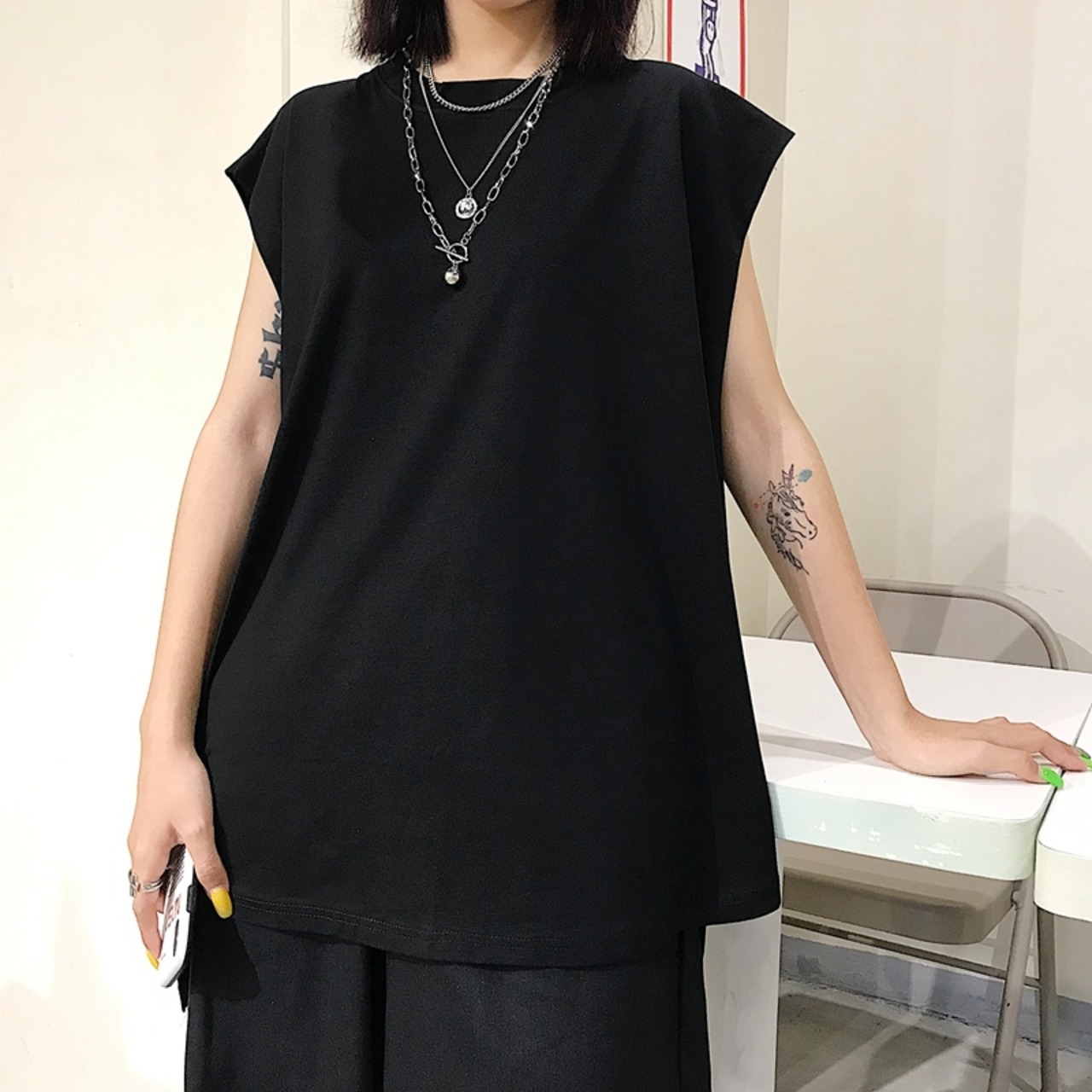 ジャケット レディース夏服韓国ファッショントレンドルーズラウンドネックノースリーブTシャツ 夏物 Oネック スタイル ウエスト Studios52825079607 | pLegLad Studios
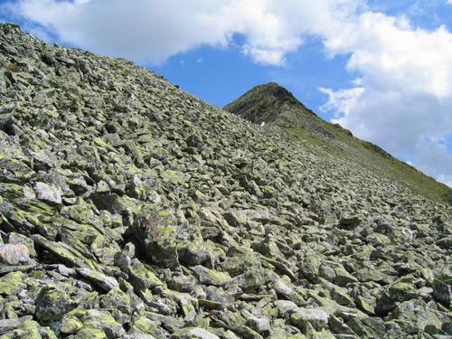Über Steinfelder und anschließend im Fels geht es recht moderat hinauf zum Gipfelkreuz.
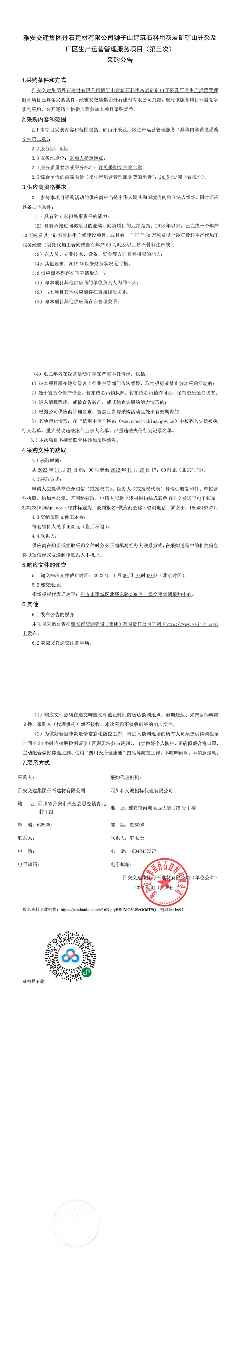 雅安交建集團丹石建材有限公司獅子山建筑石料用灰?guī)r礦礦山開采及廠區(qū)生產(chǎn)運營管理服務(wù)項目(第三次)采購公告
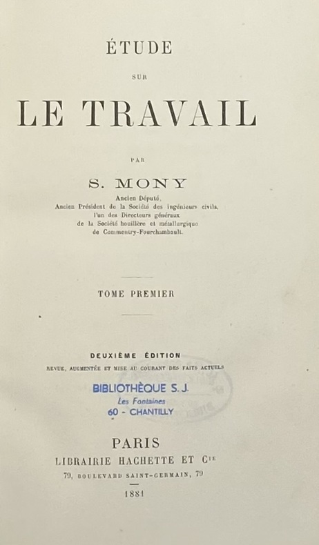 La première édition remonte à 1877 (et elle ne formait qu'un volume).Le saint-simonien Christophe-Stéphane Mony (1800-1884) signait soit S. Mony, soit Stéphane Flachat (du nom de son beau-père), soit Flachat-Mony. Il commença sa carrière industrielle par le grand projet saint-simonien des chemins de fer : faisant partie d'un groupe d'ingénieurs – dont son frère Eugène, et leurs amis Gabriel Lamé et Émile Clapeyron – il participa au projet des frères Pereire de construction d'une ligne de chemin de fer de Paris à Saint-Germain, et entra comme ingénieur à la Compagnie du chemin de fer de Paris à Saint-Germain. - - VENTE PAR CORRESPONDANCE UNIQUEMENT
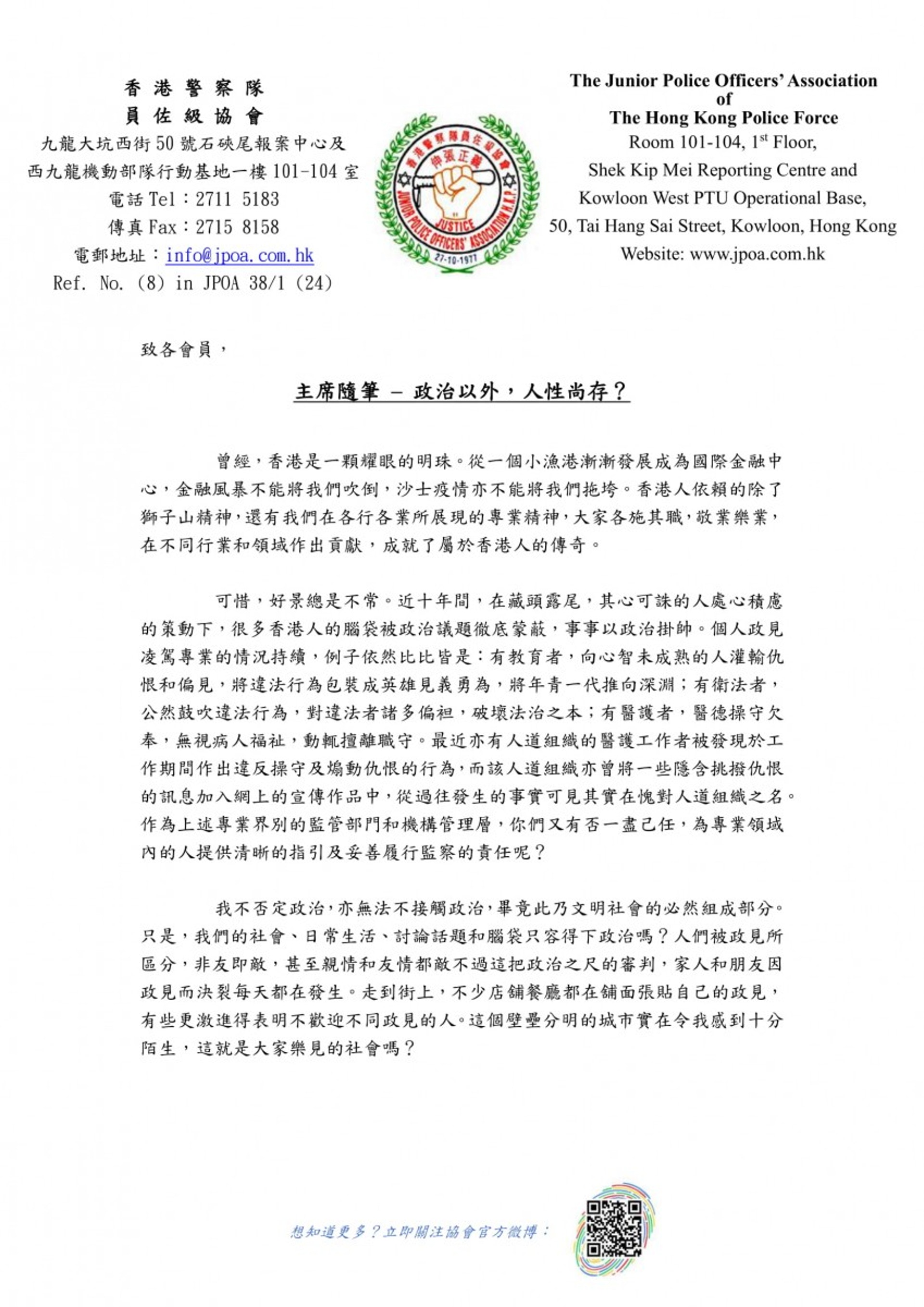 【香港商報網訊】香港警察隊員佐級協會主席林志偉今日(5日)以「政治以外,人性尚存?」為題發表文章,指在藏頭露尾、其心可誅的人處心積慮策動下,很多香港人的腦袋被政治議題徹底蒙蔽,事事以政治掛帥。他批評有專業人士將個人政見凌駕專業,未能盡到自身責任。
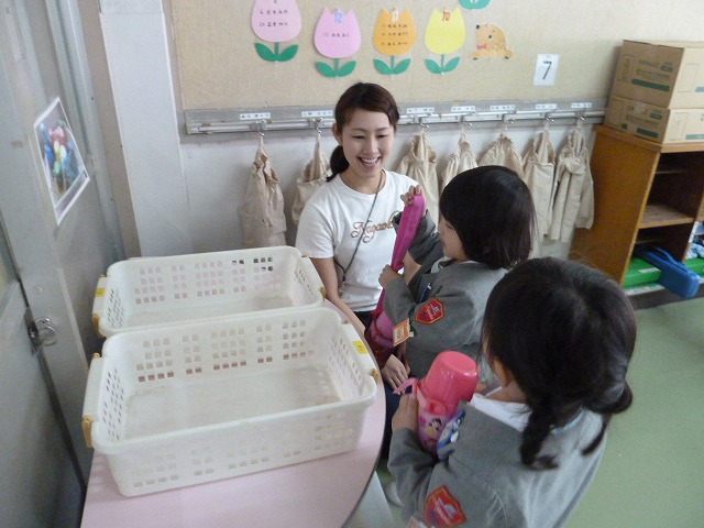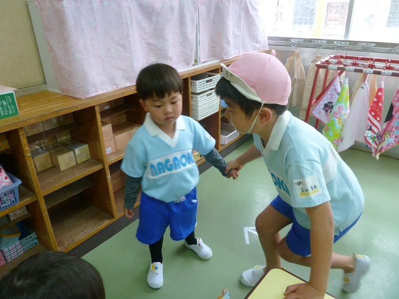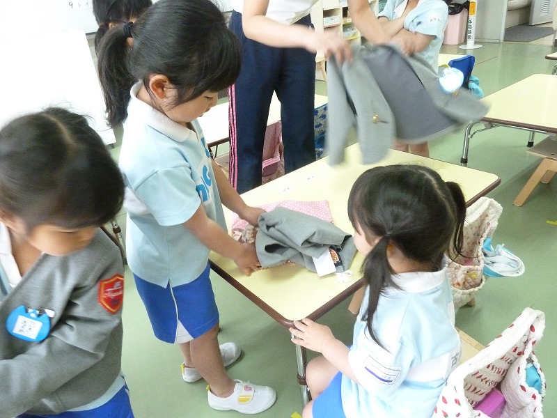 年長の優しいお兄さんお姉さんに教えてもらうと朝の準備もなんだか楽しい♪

══════════

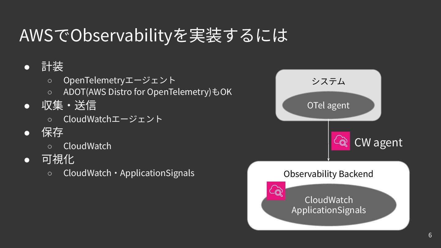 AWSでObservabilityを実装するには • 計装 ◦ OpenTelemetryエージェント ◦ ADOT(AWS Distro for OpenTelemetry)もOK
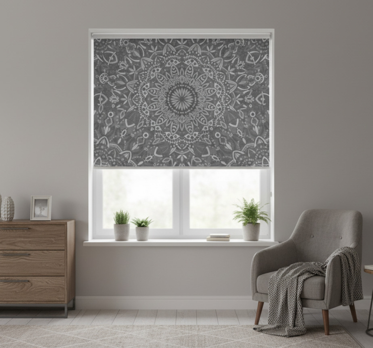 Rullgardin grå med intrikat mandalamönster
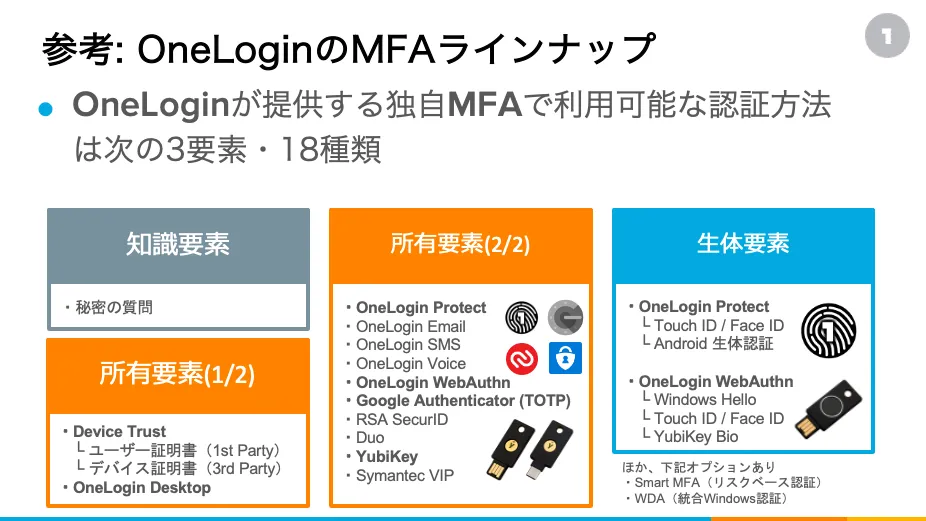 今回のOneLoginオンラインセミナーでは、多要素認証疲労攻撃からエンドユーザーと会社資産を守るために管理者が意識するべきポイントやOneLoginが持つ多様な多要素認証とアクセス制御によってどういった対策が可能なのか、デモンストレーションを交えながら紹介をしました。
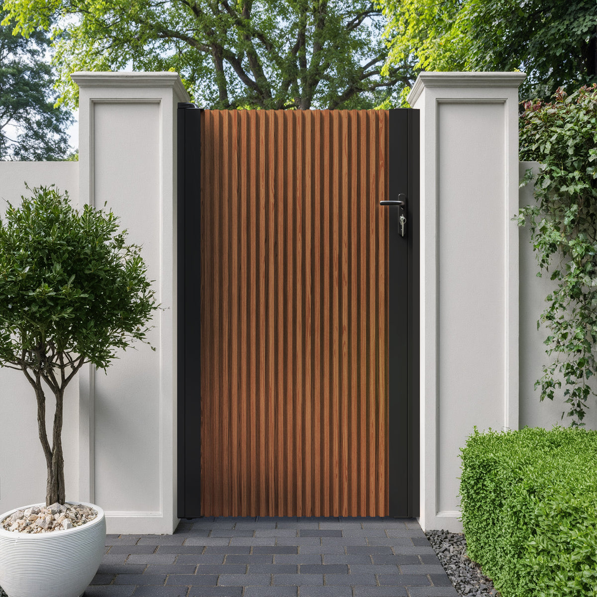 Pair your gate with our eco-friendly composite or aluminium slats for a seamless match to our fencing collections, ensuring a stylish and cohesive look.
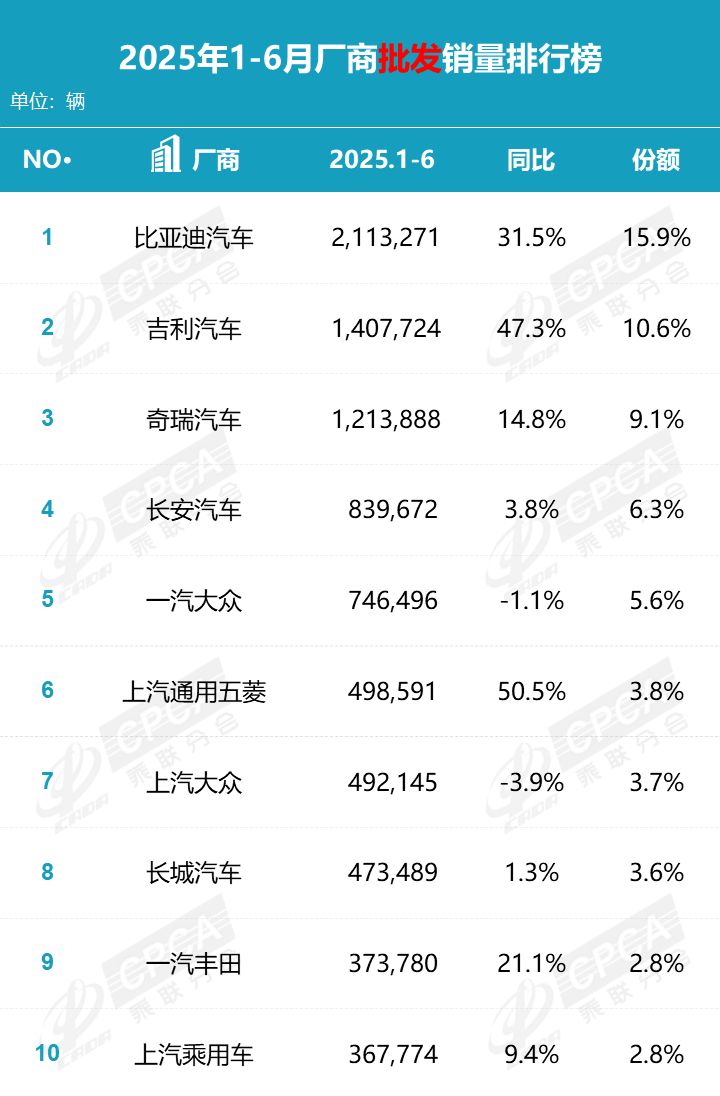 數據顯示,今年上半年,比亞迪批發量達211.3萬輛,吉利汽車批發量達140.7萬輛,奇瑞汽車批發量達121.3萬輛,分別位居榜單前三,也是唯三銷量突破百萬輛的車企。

══════════

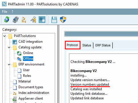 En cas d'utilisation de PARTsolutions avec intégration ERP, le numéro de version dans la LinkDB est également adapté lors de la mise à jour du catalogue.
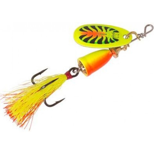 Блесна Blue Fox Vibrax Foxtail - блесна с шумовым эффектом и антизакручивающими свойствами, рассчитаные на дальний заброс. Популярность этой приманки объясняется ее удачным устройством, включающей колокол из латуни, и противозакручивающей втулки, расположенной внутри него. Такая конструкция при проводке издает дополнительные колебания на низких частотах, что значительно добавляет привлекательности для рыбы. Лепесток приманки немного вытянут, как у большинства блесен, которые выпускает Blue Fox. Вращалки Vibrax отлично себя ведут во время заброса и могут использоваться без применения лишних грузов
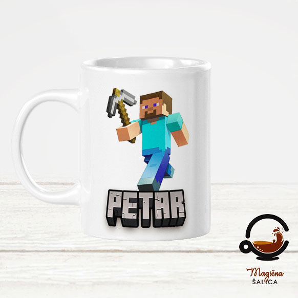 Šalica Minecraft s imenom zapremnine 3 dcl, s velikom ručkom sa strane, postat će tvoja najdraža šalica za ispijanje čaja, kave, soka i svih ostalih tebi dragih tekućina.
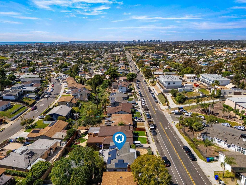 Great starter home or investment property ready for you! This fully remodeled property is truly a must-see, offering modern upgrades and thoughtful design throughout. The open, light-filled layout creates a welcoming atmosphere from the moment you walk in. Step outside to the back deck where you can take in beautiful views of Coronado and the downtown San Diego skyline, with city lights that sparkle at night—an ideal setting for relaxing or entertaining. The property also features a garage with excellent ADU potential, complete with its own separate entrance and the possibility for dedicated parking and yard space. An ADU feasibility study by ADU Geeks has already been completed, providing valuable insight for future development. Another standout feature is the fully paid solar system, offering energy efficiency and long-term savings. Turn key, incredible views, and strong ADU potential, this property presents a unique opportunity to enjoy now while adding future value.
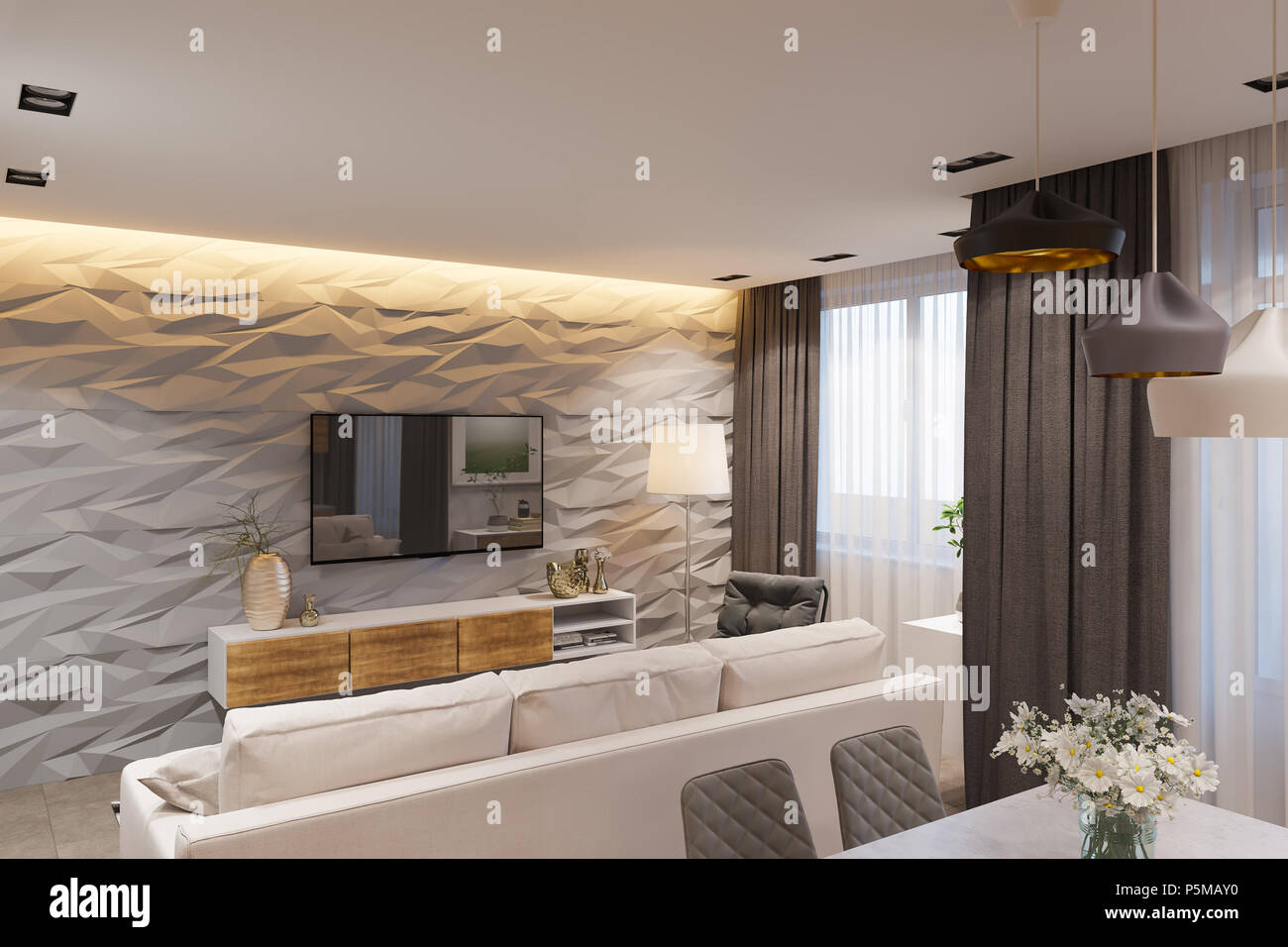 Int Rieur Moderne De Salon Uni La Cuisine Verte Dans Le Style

══════════

*Problem to work on*
Give back exactly the lines above that run from the one with "Über Steinfelder und" to the one with "雅安交建集團丹石建材有限公司", including both, with the pictures left out.

*Answer below*
Über Steinfelder und anschließend im Fels geht es recht moderat hinauf zum Gipfelkreuz.
 雅安交建集團丹石建材有限公司獅子山建筑石料用灰?guī)r礦礦山開采及廠區(qū)生產(chǎn)運營管理服務(wù)項目(第三次)采購公告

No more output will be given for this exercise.